6 min read

Scraping Failed Tabulizer PDFs with AWS Textract - Part 4

# Libraries
packages <- 
  c("data.table",
    "stringr",
    "rlist",
    "paws.machine.learning",
    "paws.storage",
    "paws.common",
    "tabulizer",
    "pdftools",
    "keyring",
    "listviewer"
    )

if (length(setdiff(packages,rownames(installed.packages()))) > 0) {
  install.packages(setdiff(packages, rownames(installed.packages())))  
}

invisible(lapply(packages, library, character.only = TRUE))

knitr::opts_chunk$set(comment=NA, fig.width=12, fig.height=8, out.width = '100%')

Introduction

In Evaluating Mass Muni CAFR Tabulizer Results - Part 3, we discovered that we were able to accurately extract ~95% of targeted data using tabulizer, but that might not have been good enough for some applications. In this post, we will show how to subset specific pages of PDFs using pdftools pdf_subset() function, merge those pages with those of other municipalities with tabulizer merge_pdf, and then upload the aggregated document to an AWS S3 bucket with the R paws interface with the AWS SDK. Once in an S3 bucket, we will show how to use paws to call AWS Textract, which uses OCR and machine learning to try to accurately parse text and tables.

AWS Textract Using PAWS Package

Textract offers a number of alternatives for using OCR to extract structured text, forms and tabular data. The API allows to manually upload up to 10 pages and get back a response, and second option of up to 1,000 pages a month for PNG formats for the first three months. This option also doesn’t require upload to an S3 bucket.

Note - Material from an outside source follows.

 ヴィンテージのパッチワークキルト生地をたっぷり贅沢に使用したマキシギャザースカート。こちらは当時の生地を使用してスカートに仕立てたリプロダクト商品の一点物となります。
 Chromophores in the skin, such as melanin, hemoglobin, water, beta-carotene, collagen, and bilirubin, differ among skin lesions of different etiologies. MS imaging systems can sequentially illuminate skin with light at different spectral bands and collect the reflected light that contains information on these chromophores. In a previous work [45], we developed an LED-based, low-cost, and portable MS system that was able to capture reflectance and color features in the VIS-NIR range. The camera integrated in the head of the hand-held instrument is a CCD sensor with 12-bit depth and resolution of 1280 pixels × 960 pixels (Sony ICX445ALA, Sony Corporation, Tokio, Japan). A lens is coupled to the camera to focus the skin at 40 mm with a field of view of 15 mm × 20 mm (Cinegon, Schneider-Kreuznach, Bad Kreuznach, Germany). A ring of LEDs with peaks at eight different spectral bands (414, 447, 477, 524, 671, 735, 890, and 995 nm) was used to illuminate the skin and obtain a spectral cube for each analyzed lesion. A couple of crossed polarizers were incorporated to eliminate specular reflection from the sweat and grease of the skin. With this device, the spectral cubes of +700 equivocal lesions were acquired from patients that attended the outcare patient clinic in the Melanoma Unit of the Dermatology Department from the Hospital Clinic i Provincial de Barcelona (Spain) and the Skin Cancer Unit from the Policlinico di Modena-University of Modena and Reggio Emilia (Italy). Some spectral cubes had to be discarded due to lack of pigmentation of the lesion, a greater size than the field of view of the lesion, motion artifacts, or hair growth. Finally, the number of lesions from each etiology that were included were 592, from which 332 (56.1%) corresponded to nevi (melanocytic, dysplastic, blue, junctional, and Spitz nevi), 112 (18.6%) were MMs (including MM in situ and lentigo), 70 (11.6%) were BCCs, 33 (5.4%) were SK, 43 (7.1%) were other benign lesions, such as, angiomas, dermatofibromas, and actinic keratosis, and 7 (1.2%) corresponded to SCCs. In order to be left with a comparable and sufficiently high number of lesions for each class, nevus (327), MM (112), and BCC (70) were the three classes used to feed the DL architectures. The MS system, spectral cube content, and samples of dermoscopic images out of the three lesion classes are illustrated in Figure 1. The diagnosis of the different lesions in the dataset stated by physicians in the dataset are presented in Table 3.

Extracting from bulk PDFs, which we used, costs $0.015 per page up to 1 million pages using their asynchronous API on documents which are in an S3 bucket. A logical workflow seemed to be to try tabulizer for free, where possible, and then pay for cases where the document can’t be extracted with tabulizer or the error rate is expected to be high.

In this case, we will show how to subset five tables from Attleboro CAFR which failed to scrape three out of five desired fields, and Hudson, MA where the PDF couldn’t be found on the town’s website and is probably an image. In our full project, we aggregated five pages from every CAFR in Massachusetts (30MB file for 700 pages) for a total cost of $11.

# Problem PDFs
path <- "/Users/davidlucey/Desktop/David/Projects/mass_munis/"
bad_cases <- c("attleboro", "hudson")
pdfs <- 
  paste0(path, "data/pdf_cafr/", bad_cases, "_2018.pdf")

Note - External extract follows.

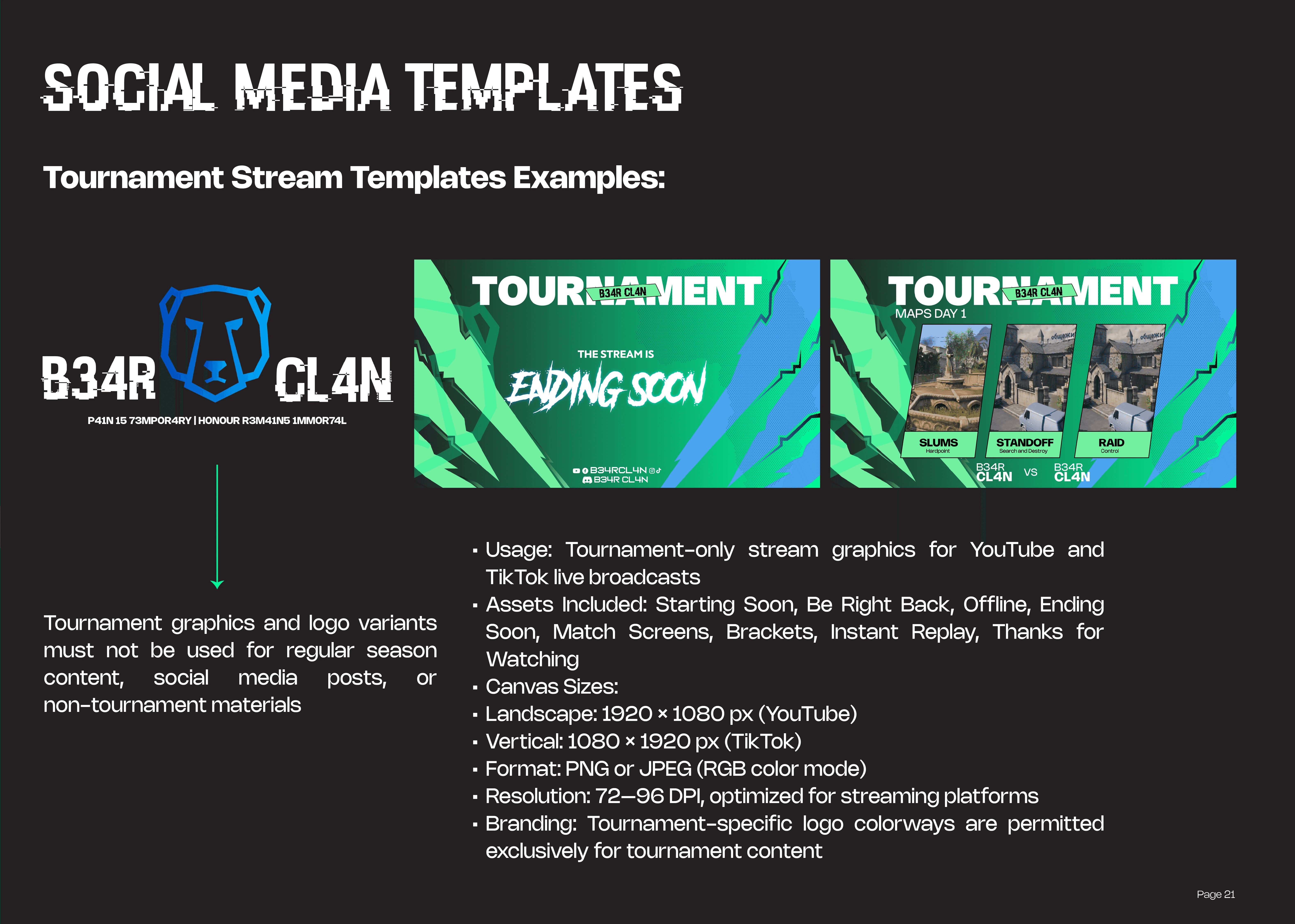 The goal of this project was to create a bold and adaptable identity system that captures the intensity of competitive gameplay while maintaining clarity across digital platforms. The design direction focuses on strong visual impact, using high-contrast elements, structured layouts, and a commanding logo presence.

# Extract 5-pages from Atteboro and Hudson CAFR PDFs with pdftools
pages_attleboro <- 
  as.integer(names(readRDS(paste0(path, "mass.RDS"))[[3]][["attleboro"]]))
attleboro <-  
  pdf_subset(
    pdfs[1],
    pages = pages_attleboro,
    output = paste0(path, "attleboro.pdf")
    )

pages_hudson <- 
  as.integer(names(readRDS(paste0(path, "mass.RDS"))[[3]][["hudson"]]))
hudson <-  
  pdf_subset(
    pdfs[2],
    pages = pages_hudson,
    output = paste0(path, "hudson.pdf")
    )

# Merge pdfs with tabulizer
  merge_pdfs(
    c(paste0(path, "attleboro.pdf"), 
      paste0(path, "hudson.pdf")), 
    outfile= "joined.pdf"
    )
[1] "joined.pdf"

Setting up an S3 Bucket and Uploading a PDF

We then input our AWS credentials and establish an S3 response object (s3 below), which we use to instruct AWS to create a S3 bucket, and then upload our subset file of PDFs to S3. When setting the bucket names, it is important not to include punctuation, because these will be rejected. Another mistake we made was uploading the PDF from outside our current working directory, because S3 created the directory structure to match our disc, and Textract seemed to be unable to navigate the file structure to find the document. We showed “munisubset” bucket at the bottom of the code below.

# Save file to S3 Bucket
s3 <- 
  s3( 
    config = list(
      credentials = list(
        creds = list(
          access_key_id = key_get("AWS_ACCESS_KEY_ID"),
          secret_access_key = key_get("AWS_SECRET_ACCESS_KEY")
        )
      ),
      region = "us-east-1"
    )
  )

# Create bucket
bucket_name <- "munisubset"
s3$create_bucket(
  Bucket = bucket_name
)
$Location
[1] "/munisubset"
# Load the file as a raw binary
file_name <- "joined.pdf"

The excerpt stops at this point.